Working data:
··········
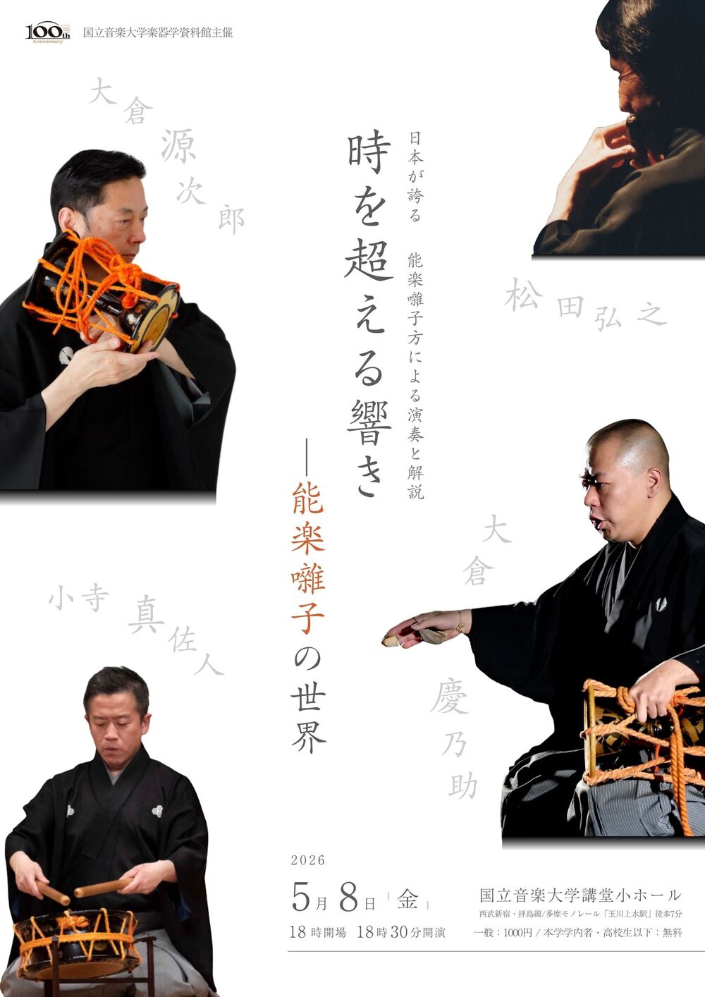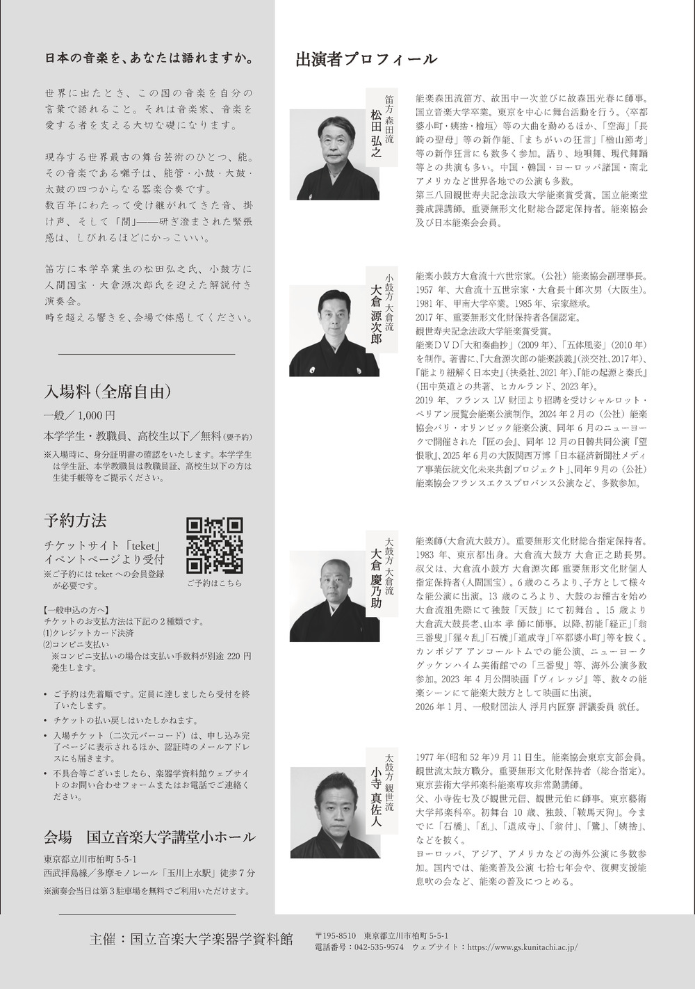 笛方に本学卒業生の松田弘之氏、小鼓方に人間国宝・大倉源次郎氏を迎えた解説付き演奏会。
··········
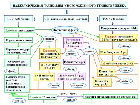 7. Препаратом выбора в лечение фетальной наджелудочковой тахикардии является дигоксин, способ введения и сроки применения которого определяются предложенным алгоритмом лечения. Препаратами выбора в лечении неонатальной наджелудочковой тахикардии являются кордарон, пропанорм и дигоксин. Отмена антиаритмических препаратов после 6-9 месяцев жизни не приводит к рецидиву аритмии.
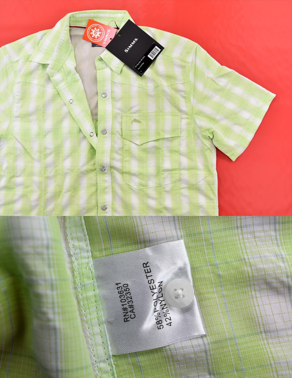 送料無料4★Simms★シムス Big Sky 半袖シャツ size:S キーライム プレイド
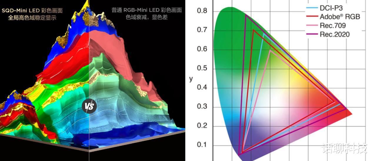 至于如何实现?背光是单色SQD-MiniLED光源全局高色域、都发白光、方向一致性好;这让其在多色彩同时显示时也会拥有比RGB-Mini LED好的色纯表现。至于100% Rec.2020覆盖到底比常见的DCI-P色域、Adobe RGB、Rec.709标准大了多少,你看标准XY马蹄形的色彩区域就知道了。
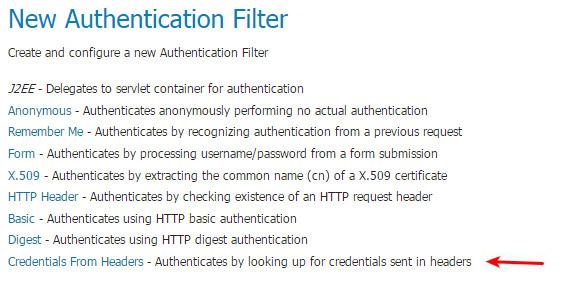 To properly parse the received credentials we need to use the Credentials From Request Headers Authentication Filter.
··········
Assigned task: Look above for the line with "送料無料4★Simms★シムス Big Sky", then give again exactly every line from there through the line with "To properly parse", skipping the pictures.

Result:
 送料無料4★Simms★シムス Big Sky 半袖シャツ size:S キーライム プレイド
 至于如何实现?背光是单色SQD-MiniLED光源全局高色域、都发白光、方向一致性好;这让其在多色彩同时显示时也会拥有比RGB-Mini LED好的色纯表现。至于100% Rec.2020覆盖到底比常见的DCI-P色域、Adobe RGB、Rec.709标准大了多少,你看标准XY马蹄形的色彩区域就知道了。
 To properly parse the received credentials we need to use the Credentials From Request Headers Authentication Filter.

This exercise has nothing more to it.